_Exercise directions_:
Restate the data word for word. Leave the pictures out.

_Data below_:
____
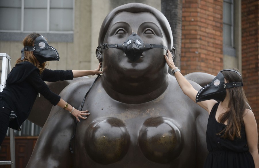 Read moreProtesting environmentalists wearing mock gas masks place a mask on the face of the sculpture "Esfinge" (Sphynx), by Colombian artist Fernando Botero, at Botero Park in Medellin, Antioquia department, Colombia, on March 29, 2017, after the city authorities declared an environmental emergency due to high pollution levels. #
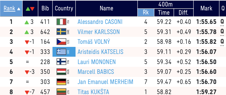 Ο Σαλπάς δήλωσε στο athlead.gr: «Ήταν μια δύσκολη κούρσα. Μεγάλος ανταγωνισμός, και γι’ αυτό είμαι χαρούμενος. Επειδή είμαι ένας από αυτούς. Στο μυαλό μου είχα να είμαι μέσα στους 3 πρώτους, αλλά δεν βγήκε πολύ. Μάλιστα πήγα να πέσω σε μια στροφή, αλλά στο τέλος βρήκα την ισορροπία μου και έγινε ότι έγινε. Στον ημιτελικό θέλω ένα ατομικό ρεκόρ», ενώ ο Κατσέλης είπε: «Ήταν κάτι πολύ διαφορετικό αλλά ωραίο. Θα ήθελα μια καλύτερη επίδοση, αλλά δεν πειράζει. Νομίζω ξεχάστηκα σε ένα σημείο και έχασα το πέρασμα. Ένιωθα καλά, μπορούσα να πάω και πιο κάτω. Κρατάω την εμπειρία κια το ότι μπόρεσα να τρέξω δίπλα σε τέτοιους αθλητές».
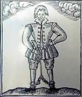 A woodcut mocking Nashe as a jailbird, from "The Trimming of Thomas Nashe, Gentleman" written by Richard Litchfield in 1597, when Nashe would've been around 30 years old.
____
_Answer section_:
 Read moreProtesting environmentalists wearing mock gas masks place a mask on the face of the sculpture "Esfinge" (Sphynx), by Colombian artist Fernando Botero, at Botero Park in Medellin, Antioquia department, Colombia, on March 29, 2017, after the city authorities declared an environmental emergency due to high pollution levels. #
 Ο Σαλπάς δήλωσε στο athlead.gr: «Ήταν μια δύσκολη κούρσα. Μεγάλος ανταγωνισμός, και γι’ αυτό είμαι χαρούμενος. Επειδή είμαι ένας από αυτούς. Στο μυαλό μου είχα να είμαι μέσα στους 3 πρώτους, αλλά δεν βγήκε πολύ. Μάλιστα πήγα να πέσω σε μια στροφή, αλλά στο τέλος βρήκα την ισορροπία μου και έγινε ότι έγινε. Στον ημιτελικό θέλω ένα ατομικό ρεκόρ», ενώ ο Κατσέλης είπε: «Ήταν κάτι πολύ διαφορετικό αλλά ωραίο. Θα ήθελα μια καλύτερη επίδοση, αλλά δεν πειράζει. Νομίζω ξεχάστηκα σε ένα σημείο και έχασα το πέρασμα. Ένιωθα καλά, μπορούσα να πάω και πιο κάτω. Κρατάω την εμπειρία κια το ότι μπόρεσα να τρέξω δίπλα σε τέτοιους αθλητές».
 A woodcut mocking Nashe as a jailbird, from "The Trimming of Thomas Nashe, Gentleman" written by Richard Litchfield in 1597, when Nashe would've been around 30 years old.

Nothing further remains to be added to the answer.